Five Republicans Who Denounce Tea Parties

Posted by | July 16, 2010 16:35 | Filed under: Top Stories


Talking Points Memo has the top five Republicans hating on the tea parties.

1. Senator Bob Bennett of Utah, defeated in a GOP primary.

In an interview with the Associated Press last week, Bennett said tea partiers are actually helping Democrats, given their support of novice candidates like Sharron Angle who might blow chances at unseating the party in power.

“With the tea party creating the mischief that it is in Colorado, we may not win that seat. My sources in Nevada say with Sharon Angle there’s no way Harry Reid loses in Nevada,” Bennett said. He also said thanks to Rand Paul’s candidacy, “that’s a seat we could lose.”
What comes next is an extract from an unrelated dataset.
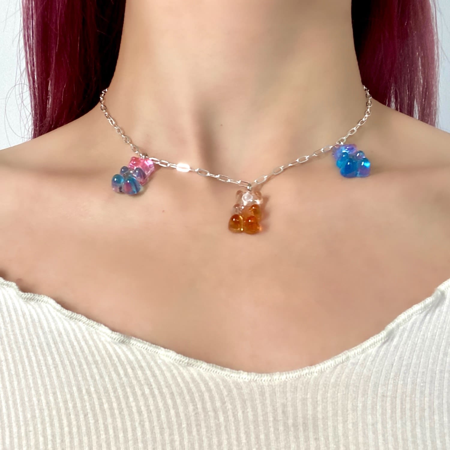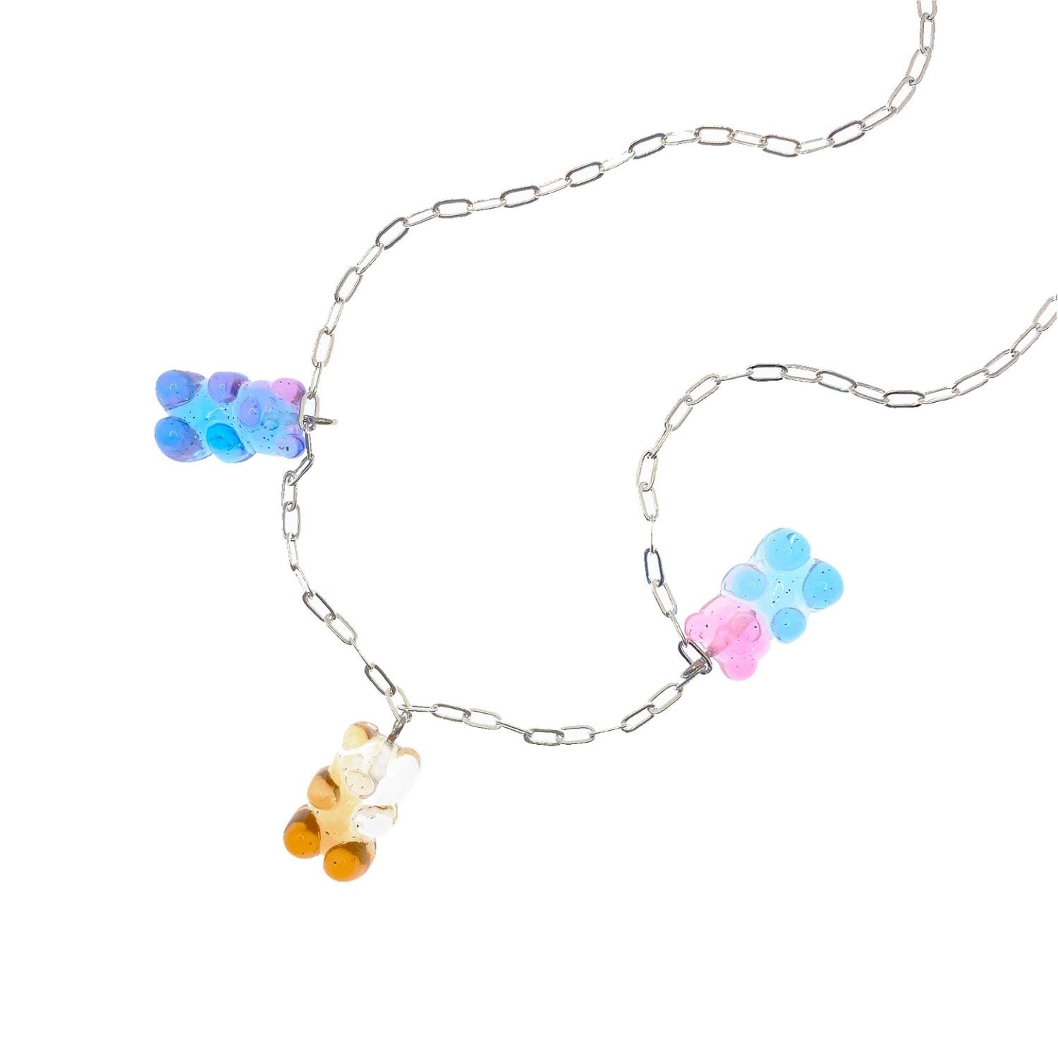 This necklace is made with a silver-plated brass chain and resin gummy bear pendants. It has an adjustable extension chain.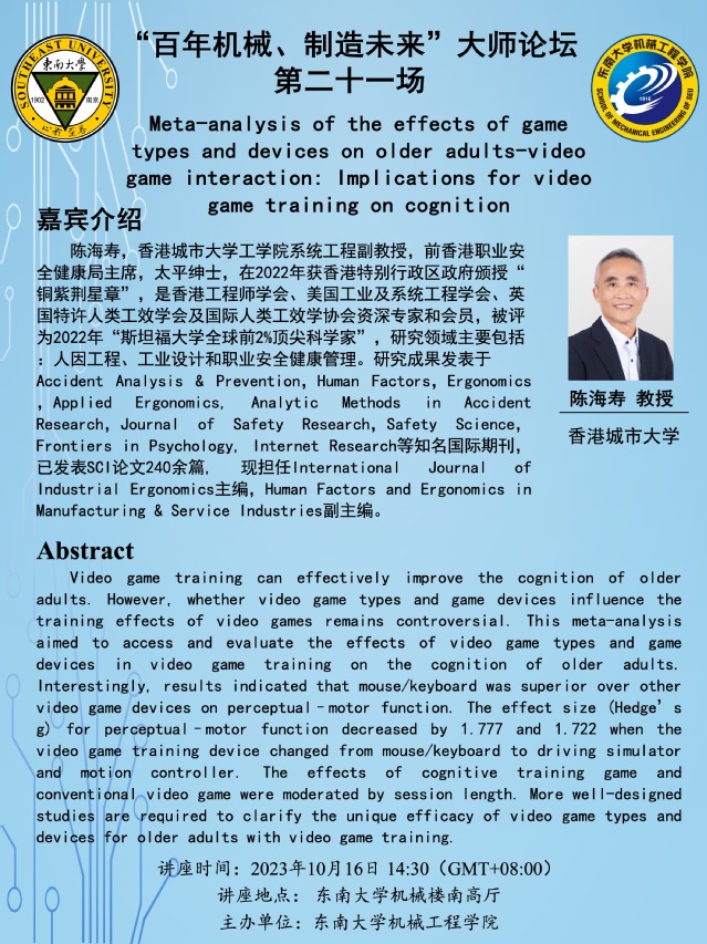 讲座地点: 东南大学机械楼南高厅

2. Robert Hurt, Republican nominee in Virginia’s Fifth Congressional District, a state senator challenging Democrat Tom Perriello for Congress.

Hurt spokesman Chris LaCivita criticized the tea party in an interview with the Los Angeles Times, saying: “With this group, if you can walk and chew gum at the same time, you think you can be a member of Congress.”

3. South Carlina Senator Lindsey Graham.  Graham told the New York Times he doesn’t think the tea party will last as a movement.

“The problem with the Tea Party, I think it’s just unsustainable because they can never come up with a coherent vision for governing the country. It will die out,” he said.

Graham also said he challenged a group of Tea Partiers in a meeting: “‘What do you want to do? You take back your country — and do what with it?’…Everybody went from being kind of hostile to just dead silent.”

4. Outgoing South Carolina Congressman Bob Inglis

In an interview with the Associated Press, Inglis suggested “that tea party favorites such as former vice presidential nominee Sarah Palin and right-wing talk show hosts like Glenn Beck are the culprits” of “demagoguery” that threatens the Republican party long term.

Inglis didn’t directly name the tea party movement, but challenged one of the key talking points tea partiers picked up from Palin during the health care debate.

5. Scott Rigell, GOP candidate for Congress from Virginia’s 2nd Congressional District, running against freshman Democrat Glenn Nye.

The local tea party backed the GOP primary’s other candidates over Rigell, a car dealer who donated to President Obama and other Democrats in recent years. The tea party now says they won’t get involved in the general election.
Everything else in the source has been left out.